The next match was a six-man tag team match featuring wrestlers from the AAA organization between the team of Héctor Garza, Perro Aguayo, and El Canek against the team of Jerry Estrada, Heavy Metal, and Fuerza Guerrera. A slow-paced match between the two teams, as they exchange control of the match back and forth. Late into the match, the two teams brawled outside of the ring, as Aguayo hit Metal with a diving double foot stomp off the top rope, which gained a successful pinfall, thus Garza, Aguayo and Canek won the match. 

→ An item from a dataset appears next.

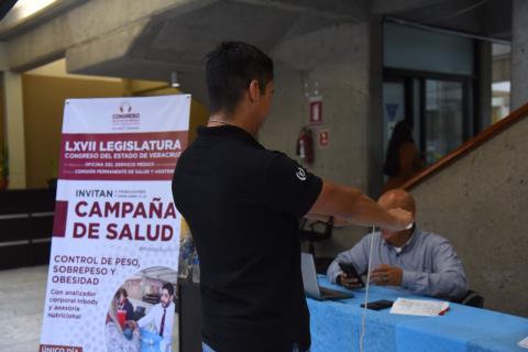 Xalapa, Ver., 23 de abril de 2025.- Con la finalidad de fomentar la cultura de la atención a la salud, el Congreso del Estado de Veracruz, a través del Servicio Médico, y la Comisión Permanente de Salud y Asistencia, realizaron la jornada médica enfocada al control de peso, sobrepeso y obesidad, con analizador InBody y asesoría nutricional.

The Royal Rumble match began with Ahmed Johnson and Crush, where the rivalry with Johnson and Faarooq continued, as Johnson eliminated himself after Faarooq came down the aisle to chase him. Stone Cold Steve Austin was the fifth entrant. There were clock issues from numbers 3 to 5 but were fixed for No. 6, Bart Gunn. Stone Cold Steve Austin during the match had two separate runs where he eliminated wrestlers one by one and having the ring to himself for long stretches. Numerous wrestlers from AAA were invited to be entrants in the match. Mil Mascaras eliminated Cibernetico and Pierroth and then eliminated himself by diving onto them at ringside; years later Bruce Prichard stated that this spot had been devised because WWE creative anticipated that Mascaras would refuse to allow himself to be eliminated by anyone else; the Mexican star had long been notorious for refusing to allow other wrestlers to defeat him.  No. 24 was Terry Funk who jumped ahead a little bit before the buzzer went off. The final five wrestlers were The Undertaker, Vader, Bret Hart, Diesel, and Stone Cold Steve Austin. The first of those wrestlers to be tossed over the top rope was Austin, who was thrown out by Hart. However, the officials were occupied trying to separate Terry Funk and Mankind, who were brawling with each other outside the ring, and thus no one saw Austin's elimination. Meanwhile, Vader and Undertaker began brawling with each other as a continuation of their feud and Hart began fighting with Diesel as Austin reentered the ring. Austin dumped both Undertaker and Vader out of the ring, while Hart eliminated Diesel. As Hart was celebrating, thinking he had won, Austin came in from behind and tossed him over the top rope. Since Austin was still considered to be in the match and was the only man left in the ring, the officials declared him the winner.  With ten eliminations, Austin tied Hulk Hogan for the most eliminations in single Royal Rumble match. The record stood until 2001, when Kane eliminated eleven competitors.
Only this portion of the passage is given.